# Track data lineage / provenance

If you track data lineage, you'll know where your files (& datasets) came from.

In this guide, you'll learn how to backtrace file transformations through notebooks, pipelines, apps & users.

In [None]:
# initialize a test instance for this notebook
# this should be called *before* importing lamindb in Python
# if you'd like to load or init an instance after, use the Python API: ln.setup.init(...)
!lamin init --storage ./mydata

In [None]:
import lamindb as ln

ln.settings.verbosity = 3  # show hints

In [None]:
# let's simulate an instrument upload for the sake of this guide
transform = ln.Transform(name="Chromium 10x upload", type="pipeline")
transform.save()
ln.track(transform)
ln.dev.datasets.generate_cell_ranger_files(
    sample_name="sample_1",
    basedir=ln.settings.storage / "cellranger_run_001",
    output_only=False,
)
files = ln.File.from_dir(ln.settings.storage / "cellranger_run_001" / "fastq")
ln.save(files)

## Track pipelines

When working with a pipeline, we'll register it before running it.

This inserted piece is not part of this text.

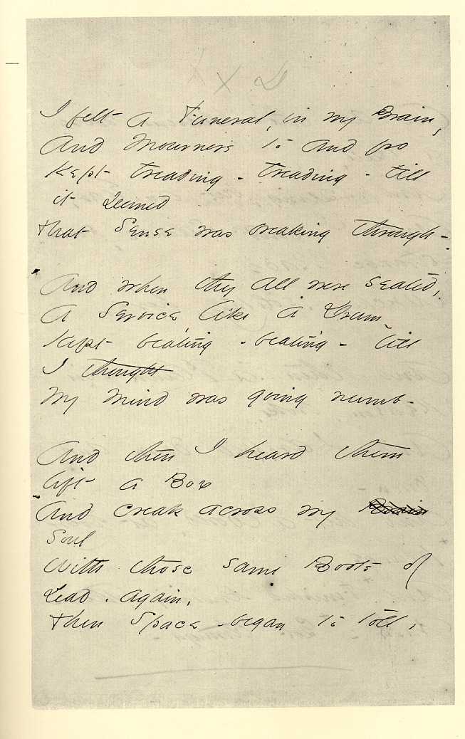 I felt a Funeral, in my Brain, And Mourners to and fro Kept treading — treading — till it seemed That Sense was breaking through — And when they all were seated, A Service, like a Drum — Kept beating — beating — till I thought My Mind was going numb — And then I heard them lift a Box And creak across my Soul With those same Boots of Lead, again, Then Space — began to toll, As all the Heavens were a Bell, And Being, but an Ear, And I, and Silence, some strange Race Wrecked, solitary, here — And then a Plank in Reason, broke, And I dropped down, and down — And hit a World, at every plunge, And Finished knowing — then —

This only happens once and could be done by anyone on your team.

In [None]:
ln.Transform(name="Cell Ranger", version="7.2.0", type="pipeline").save()

The user who runs the pipeline queries or searches for it: 

In [None]:
transform = ln.Transform.select(name="Cell Ranger", version="7.2.0").one()
# or search
# transform = ln.Transform.search("Cell Ranger", return_queryset=True).first()

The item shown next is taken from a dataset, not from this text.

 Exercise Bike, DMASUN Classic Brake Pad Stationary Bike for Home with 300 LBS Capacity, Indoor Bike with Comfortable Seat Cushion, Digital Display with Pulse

And passes the record to {func}`~lamindb.track`:

In [None]:
ln.track(transform)

This creates a global run context:

In [None]:
ln.context.transform

In [None]:
ln.context.run

Let's stage a few files from an instrument upload:

In [None]:
files = ln.File.select(key__startswith="cellranger_run_001/fastq").all()
filepaths = [file.stage() for file in files]

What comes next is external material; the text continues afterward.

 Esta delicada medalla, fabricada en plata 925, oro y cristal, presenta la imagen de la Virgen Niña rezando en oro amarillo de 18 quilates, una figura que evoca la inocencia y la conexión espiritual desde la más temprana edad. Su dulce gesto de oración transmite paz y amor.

Assume we processed them and obtained output files in two folders "sample_1" and "sample_2":

In [None]:
out_files = ln.File.from_dir(ln.settings.storage / "cellranger_run_001" / "sample_1")
ln.save(out_files)

Each of these files now has transform and run records that are not `None`!

In [None]:
out_files[0].transform

In [None]:
out_files[0].run

## Track notebooks

Let's now track a notebook. In many editors you can simply call:

In [None]:
ln.track()

Let's load one of the files produced in the pipeline we ran before!

In [None]:
file = ln.File.select(key__contains="sample_1/filtered", suffix=".h5").one()

In [None]:
file.stage()

## Visualize data lineage

There are two simple ways for visualizing data lineage.

### From a transform

The first way starts from a notebook:

In [None]:
transform = ln.Transform.search("Track data lineage", return_queryset=True).first()

Visualizing parent transforms and data is straight-forward:

In [None]:
transform.parents.all()

In [None]:
transform.view_parents()

If you or another user re-runs a notebook, they'll immediately be informed about parents:

In [None]:
ln.track()

### From a file

In [None]:
file.view_lineage()

In [None]:
assert len(file.input_of.all()) > 0
assert len(ln.context.transform.parents.all()) > 0

## Understand runs

Under-the-hood we already tracked pipeline and notebook runs through the global context: `context.run`.

You can see this most easily by looking at the `File.run` attribute (in addition to `File.transform`).

{class}`~lamindb.File` objects are the `inputs` and `outputs` of such runs. 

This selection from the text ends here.